For the first part of the movie, I was lulled into that place where I was mentally raising a feminist fist (several times I’m ashamed to admit) at the specter of a dissatisfied wife, married to a somewhat loutish (albeit hot) guy, who finally takes matters into her own hands and, without warning, leaves her husband to embark on an independent, more meaningful life.  Yes, I was thinking, you go girl!  Shortly thereafter, as it appeared this might be a case of murder at the hands of said loutish husband, I dredged from the murky shoals of my memory the Scott and Laci Peterson case from 10 or 12 years ago.  You remember that particular non-stop media circus:  hunky, sociopath husband murders beautiful, sweet, 9-month pregnant wife in cold blood.  I even turned to John and smugly stated that I knew exactly where this was going, based as it clearly was on that case.   

The next turn of the screw, once I had a handle on what was going down, left me infuriated.  What I thought was the ultimate feminist fantasy, had turned into a misogynist screed.  We women all know this script well.  Yes, she may have had good, or even compelling or life-threatening, reasons to abandon husband and hearth, but she will be punished for doing so.  I prematurely concluded, at this point in the film, that the patriarchal collective social, economic, and moral systems had stepped in and begun to dole out the comeuppance the wayward female was owed for her subversive actions.  I was pissed, to put it mildly.    

The next turn of the screw (knife, to be more apt), definitely required a suspension of disbelief, but I did not get too hung up on that problem because of the creepiness and gore that now took over.  Still clinging to the notion that there might be some type of redemption for the wife, who I was desperately hoping was still a victim of the patriarchy, I had to surrender that much too easy panacea and begin to wrap my head around the reality that what we were dealing with, in the character of the wife, was an outright psychopath. 

The final scenes of the movie returned all the characters to what passes for normalcy in a Fincher film.  However, to enter into those scenes fully, the viewer had to accept that, for all of them, insanity was the new normal.  Or maybe insanity was the old, persistent normal, and it was merely a case of events that temporarily pierced the veil of normalcy.  This, I think, might be the crux of the film. 

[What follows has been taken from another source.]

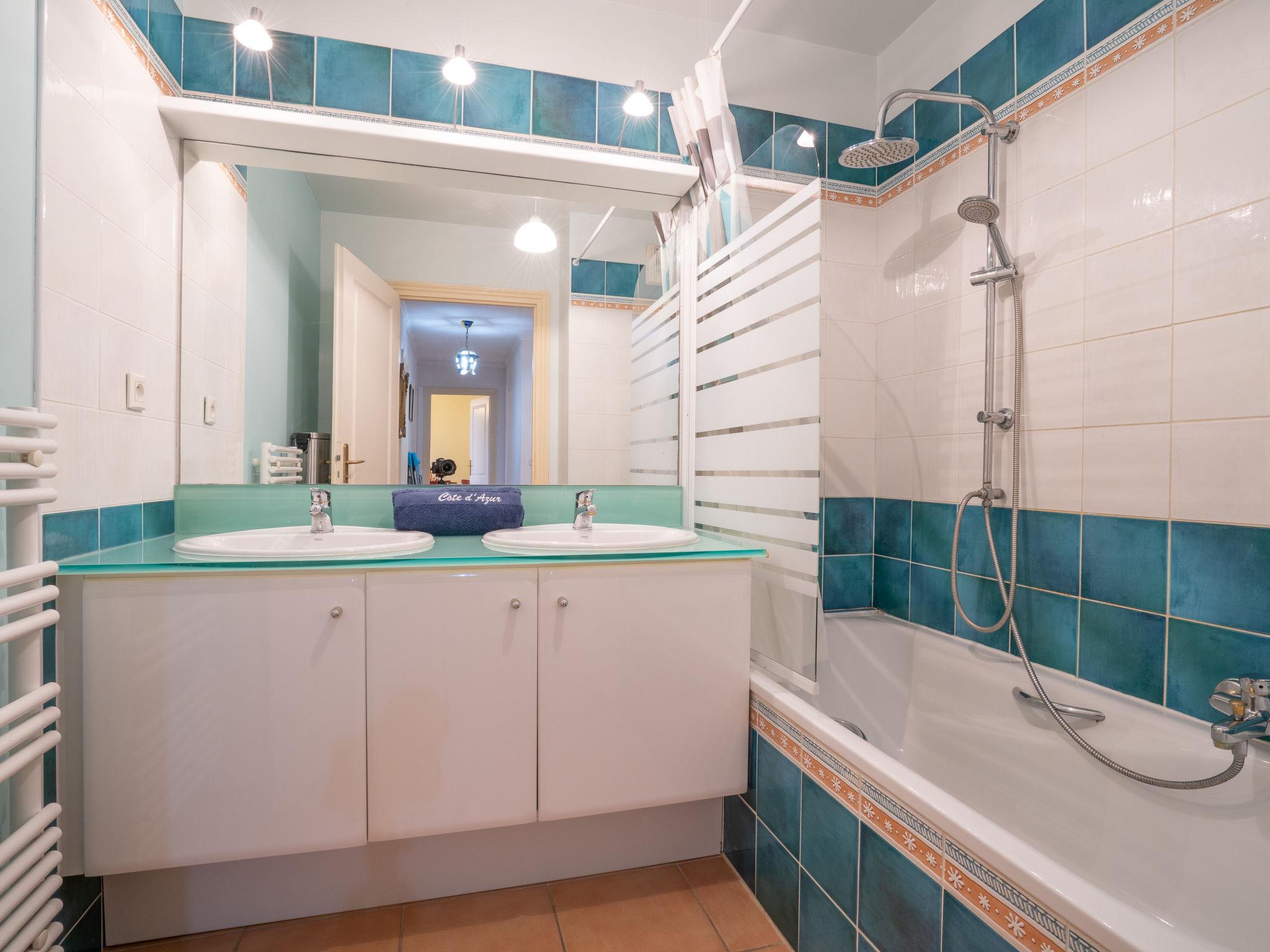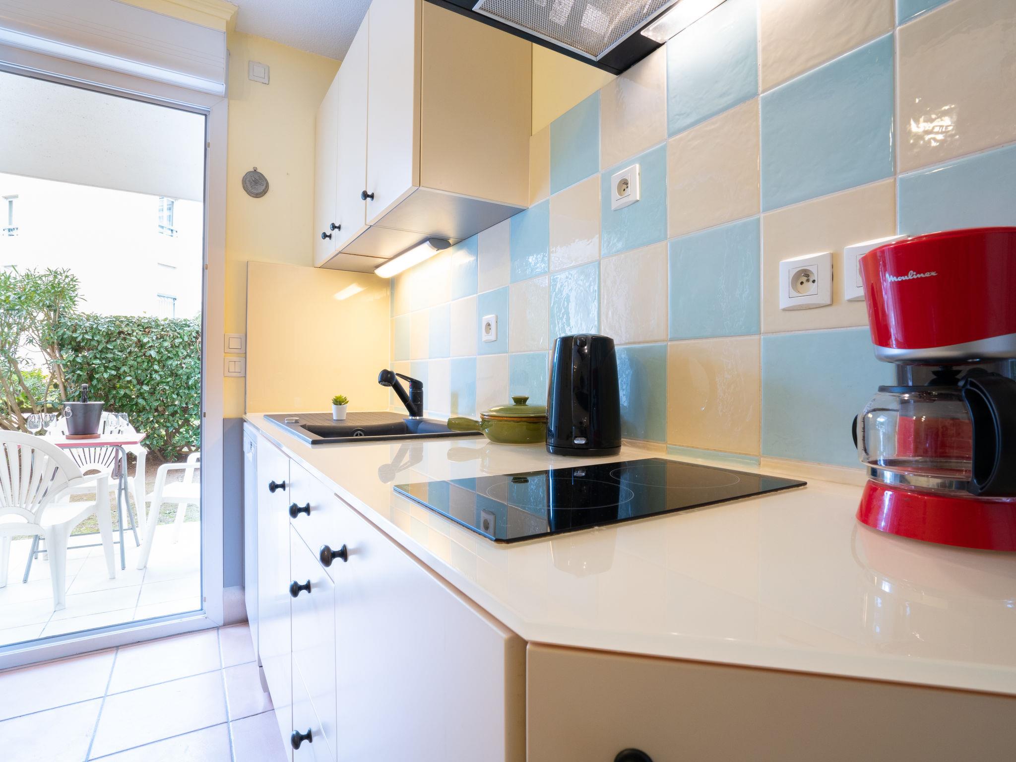 3-room apartment 80 m2, south facing position. Comfortable and beautiful furnishings: living/dining room 25 m2 with panoramic window with TV (flat screen), DVD. Exit to the terrace, to the patio. 1 room with 1 french bed (1 x 160 cm, length 200 cm), TV and fan. 1 room with 2 beds (90 cm, length 190 cm), fan. Exit to the terrace, to the patio. Kitchen (mini-oven, oven, dishwasher, 2 induction hot plates, toaster, kettle, microwave, freezer, electric coffee machine) with dining table. Exit to the terrace, to the patio. Bathroom, sep. WC. Heating. Terrace 9 m2, roofed terrace 11 m2, roofed, patio 23 m2, patio 23 m2. Terrace furniture, deck chairs (2). View of the garden. Facilities: washing machine, iron, hair dryer. Internet (WiFi, free). Garage space n 76 (1 car). Please note: suitable for families. Maximum 1 small pet/ dog allowed. TV only FR. Smoke alarm. Apartment on the ground floor but access by lift (1 floor). FJS1224HT

My reaction as the movie ended was:  “I hate this movie.”  I went to bed hating it and I woke up hating it.  It’s not unusual that I dislike a lot of films I see.  In fact, I am one of those grouchy viewers who thinks nothing of walking away from a movie mid-way through if it’s poorly done, uninteresting, banal, or overly formulaic.  But this movie, I HATED.  Which led me to think about Jung’s statement that “[t]he events which do not awaken any strong emotions have little influence on our thoughts or actions, whereas those which provoke strong emotional reactions are of great importance for our subsequent psychological development.”  So what, exactly, has this film stirred up in me that my reaction is so strong?  In the spirit of keeping each blog entry a readable length, I am going to postpone this particular cogitation for a later posting.  Hopefully, a week in Jamaica will shed some light into that dark cauldron of my psyche where all this stuff is brewing, if not boiling over.